Although you’d have to walk pretty far, on average, to find an albatross on the beach, they do wash up regularly. Along the West Coast, Black-foots are about three times more prevalent on Washington outer coast beaches than along beaches to the south in Oregon and California. And Laysans are a truly rare find (photos are scaled to encounter rate). On the Aleutian Islands, the opposite is true.

Across the COASST dataset, albatross species wash up exactly where you would expect them to given at-sea sightings: Black-foots along the West Coast, and Laysan along the Aleutian Islands in Alaska.
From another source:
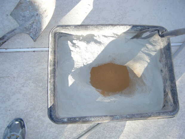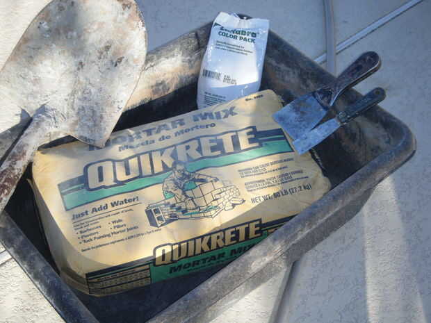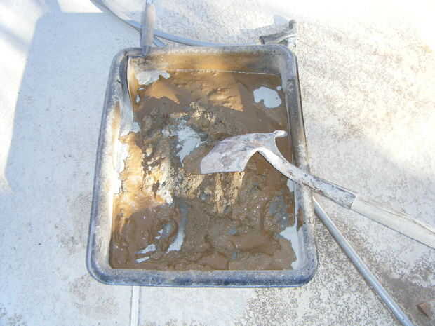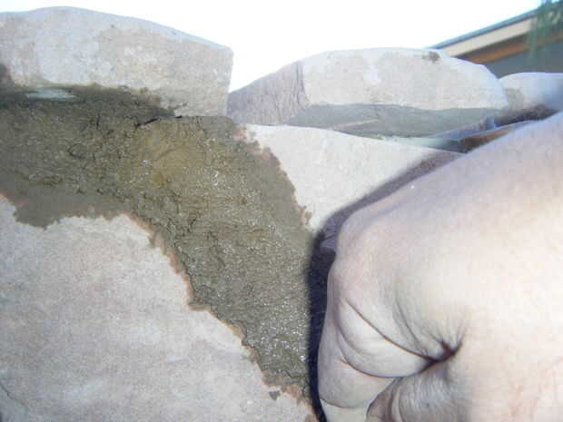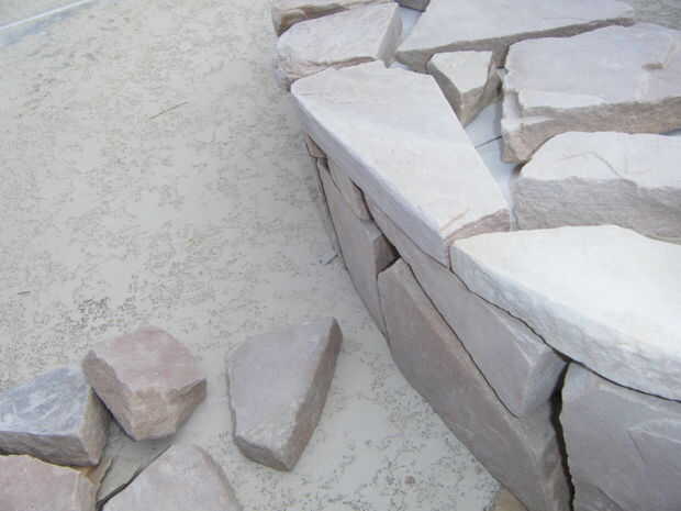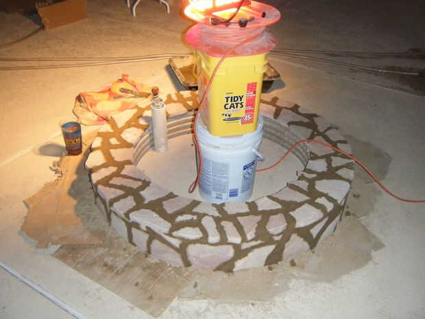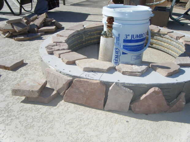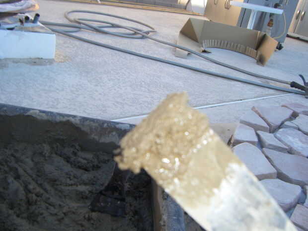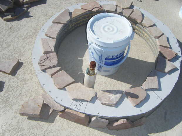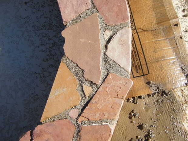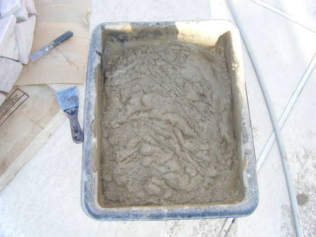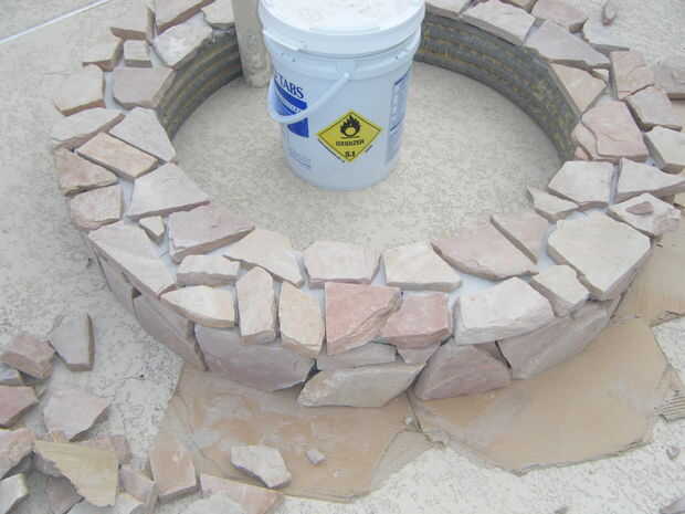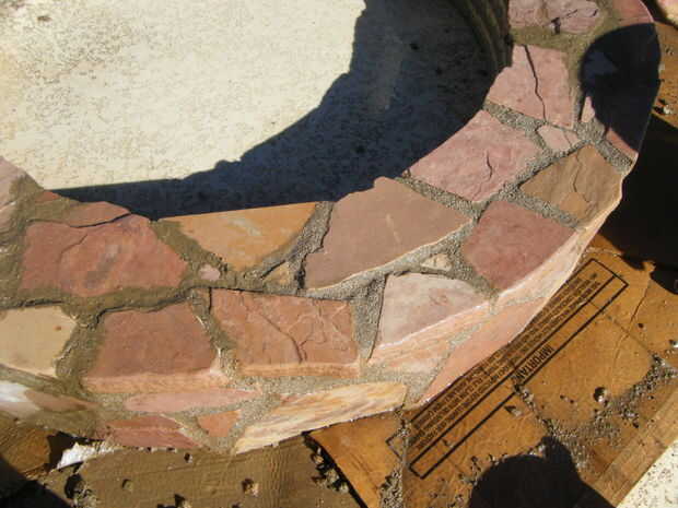Adhesivo de construcción al aire libre de uso para pegar pedazos de losas en la parte superior y los lados del marco.  Utilice cualquier diseño y espaciado que desee.  Para rellenar los espacios más grandes, pegue las virutas de piedra y pequeñas piezas de piedra en los espacios.  Asegúrese de que la capa superior de la piedra traslapa los lados y utilizar una amoladora para moldear las piedras para caber.  Mezclar un lote de mortero utilizando las instrucciones en la bolsa e incluyen cualquier color que desee.  Usando una espátula, los dedos y herramientas pequeñas, llenar las grietas entre las losas con mortero.  Asegúrese de embalar firmemente el mortero en los agujeros.  Cuando el mortero se seca completamente, queremos una base simple y sólida.  No te preocupes de conseguir mortero extra sobre la losa, limpiará el más tarde.  Cuando lleno todos los huecos, que el mortero seque durante la noche.  Cuando el mortero está seco, usar ácido muriático y cepillo de cerdas suaves para barrer el exceso de mortero de la losa.  ATENCIÓN *** Asegúrese de leer todas las instrucciones y use ropa protectora y gafas al manipular ácido muriático.  Es muy peligroso, pero puede ser manejado con seguridad cuando usted sigue todas las instrucciones y advertencias de seguridad.  Si no está seguro sobre algo, buscar en la web antes de continuar.  Cuando termines todo el mortero de la losa, manguera de limpieza de una vez para limpiar el ácido restante, y la base está completo.

Although the total body count favors the lower 48 (note only 3 Laysan have been found in Alaska), it’s actually the encounter rate (carcasses per kilometer) that is important.  Remember, there are many more COASSTers along the outer coast of Washington, Oregon and California than there are in the Aleutian Islands!  The photographs in the figure above are scaled to species-specific encounter rate the—the chance of finding an albatross in the Aleutians is about the same as along the outer coast of Washington.

A closer look at Black-foot deposition pattern on the West Coast reveals two distinct aggregations: one associated with the entrance of the Strait of Juan de Fuca (we’re guessing these birds are associated with the Juan de Fuca eddy – an oceanographic feature south of the Strait), and a second larger aggregation surrounding the Columbia River.  Both the eddy and the “plume” of river water exiting the Columbia River into the Pacific Ocean are highly productive locations where a hungry chick or exhausted post-breeding adult can hunt pelagic prey.

When Black-foot encounter rates are broken down into smaller lengths of coastline (half a degree of latitude, or about 55 kilometers), it’s clear that some locations attract many more.

Moral of this story? If you hope to see an albatross on a COASST survey, head to the south outer coast of Washington during the summer and take a stroll along the sand.